PROVIDED MATERIAL Start Marker

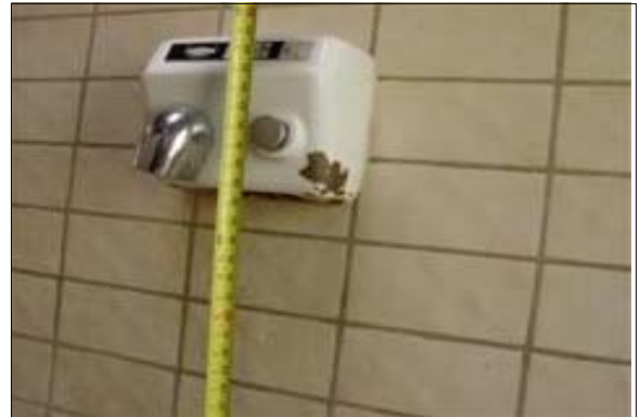
Women's North Restrooms

Full Rec: Relocate the hand dryer in the restroom to a maximum height of 40 inches for all the controls and operating mechanisms (see CBC 1115B.9.2).
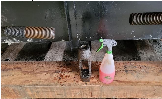
Removed turnbuckle and our special formula penetrating oil.
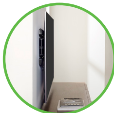
Slim full-motion mount sits just 2.15" from the wall in home position accentuating the sleek look of ultra-thin TVs
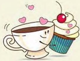
COFFEE & CAKE

As well as our monthly meetings a number of activities were recently enjoyed, after the disappointments and worries of lockdown .
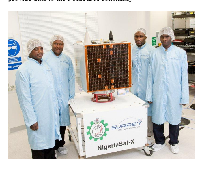
Fig.3 Model of NigeriaSAT-X before launch

promote human resources nationally to use space applications in Nigerian development provide data to the NASRDA constantly
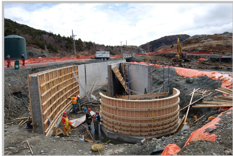
Weir, Quidi Vidi

Municipal Affairs' infrastructure investments contributed to the Department's strategic direction of Increased Regional Sustainability .
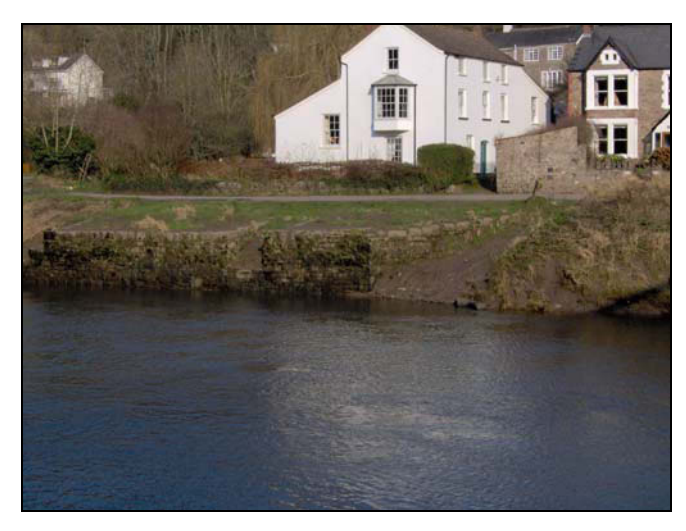
Plate 4 View of Quay (08895g), looking northeast

A quay, depicted on the 1st edition OS map (1879). The site was visited and photographed in February 2005.
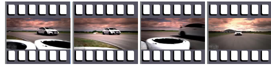
A white car is driving fast through a sharp curve with soft music on.

Automatic generation of natural language description for video, a.k.a. video captioning, has played a fundamental challenge and received extensive research interest in both
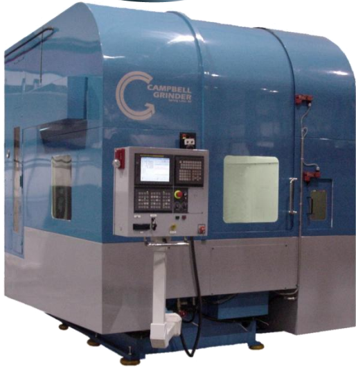
930 Model with Tool & Nozzle Changer
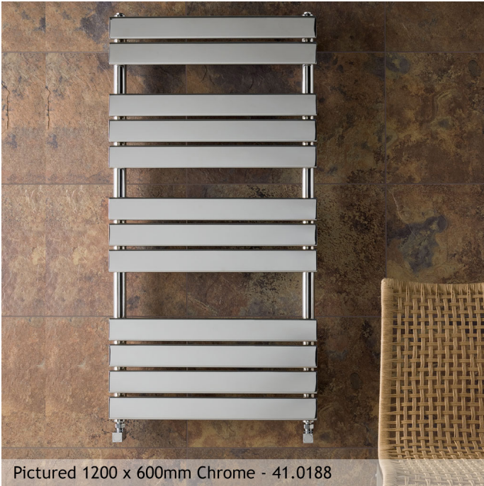
Pictured 1200 x 600mm Chrome - 41.0188
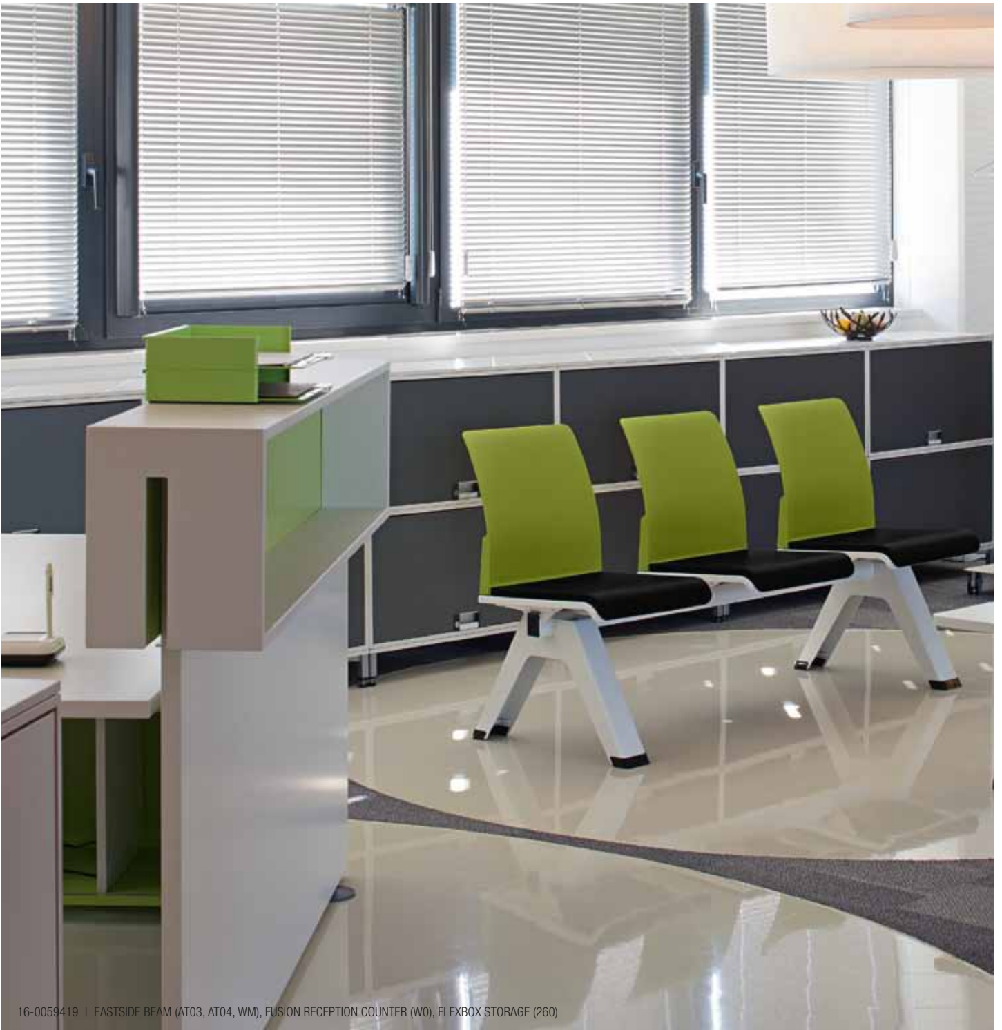
16-0059419 | EASTSIDE BEAM (AT03, AT04, WM), FUSION RECEPTION COUNTER (W0), FLEXBOX STORAGE (260)
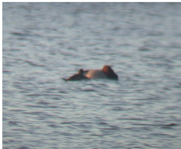
Ruddy Duck at Nickoll’s Quarry (Ian Roberts)

Following a considerable increase and breeding in the county, a nationwide eradication programme aimed at preventing interbreeding with White-headed Duck in southern Europe was implemented. The latest report from this programme concludes that fewer than 100 remain in the UK and confirms that the cull has been extended to complete the task, so future records are now extremely unlikely.

PROVIDED MATERIAL End Marker

Lines holding the string "Duck" are the answer; copy each one from the listing above.

Ruddy Duck at Nickoll’s Quarry (Ian Roberts)
Following a considerable increase and breeding in the county, a nationwide eradication programme aimed at preventing interbreeding with White-headed Duck in southern Europe was implemented. The latest report from this programme concludes that fewer than 100 remain in the UK and confirms that the cull has been extended to complete the task, so future records are now extremely unlikely.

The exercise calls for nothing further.